The most important lesson I have learned from litigating anesthesia cases is that it’s important to investigate not only what happened in the operating room but also what happened before the incident to prevent anesthesia errors from harming patients.

If you find that an anesthesia error occurred in the absence of appropriate safety measures, the hospital or outpatient facility should be held accountable along with the M.D.-anesthesiologist or nurse anesthetist who committed the error.

References

1. Pierce EC. Looking Back: Doctor Pierce Reflects. APSF Newsletter, Spring 2007.

2. Boodman S. Diagnosing Medical Errors: In the Wake of Widely Publicized Mistakes, Doctors Try To Make Hospitals Safer. Washington Post. November 19, 1996.
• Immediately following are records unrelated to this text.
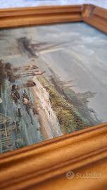 PREZZO TRATTABILE Vendo grazioso dipinto a olio su tavola raffigurante una veduta di porto con imbarcazioni a vela. L'opera si distingue per la vivacità dei colori e la tecnica materica delle pennellate. Dimensioni tavola: 20 x 25 cm. Dimensioni totali: [Aggiungi misura con cornice]. Cornice: Inclusa, in legno dorato con decorazioni angolari, in perfetto stato. Note: Già predisposto con gancio sul retro per l'affissione. Ideale per amanti del genere marino o come raffinato complemento d'arredo.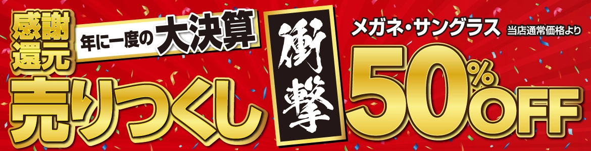 2/20~3/31 年に一度の大決算 感謝還元売りつくし 衝撃 メガネ・サングラス 最大50%OFF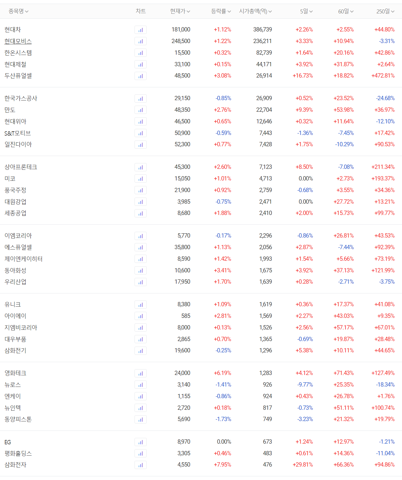 수소차(수소 연료 전지) 관련주 대장주 주간 시황

3. Lagasse RS. Anesthesia Safety: Model or Myth? A Review of the Published Literature and Analysis of Current Original Data. Anesthesiology; 2002; 97:1609–17.

4. Cooper JB; Gaba D. No Myth: Anesthesia Is a Model for Addressing Patient Safety. Anesthesiology 2002; 97:1335-1337.

5. Davies JM et al. Liability Associated with Obstetric Anesthesia—A Closed Claims Analysis. Anesthesiology 2009; 110:131–9.

6. Metzner J et al. The risk and safety of anesthesia at remote locations: the US closed claims analysis. Curr Opin Anaesthesiol. 2009; 22:502-8.

7. Hartocollis A. Joan Rivers’s Treatment Had Numerous Violations, US Inquiry Finds. New York Times, Nov. 10, 2014.

8. Siebert KS. Why can’t physician anesthesiologists, nurse anesthetists, and anesthesiologist assistants just get along? MedPage Today. March 10, 2015.

9. Hayes JC. Anesthesiologist-CRNA Teamwork Common But Groups At Odds. Medscape Anesthesiology. April 10, 2012.

10. Nanji KC et al. Evaluation of Perioperative Medication Errors and Adverse Drug Events. Anesthesiology 2016; 124:25-34.

11. Orser BA. Perioperative Medication Errors: Building Safer Systems. Anesthesiology 2016; 124:1-3.

12. Mozes A. Medication errors common during surgery, study finds. CBS News Health Day,October 26, 2015.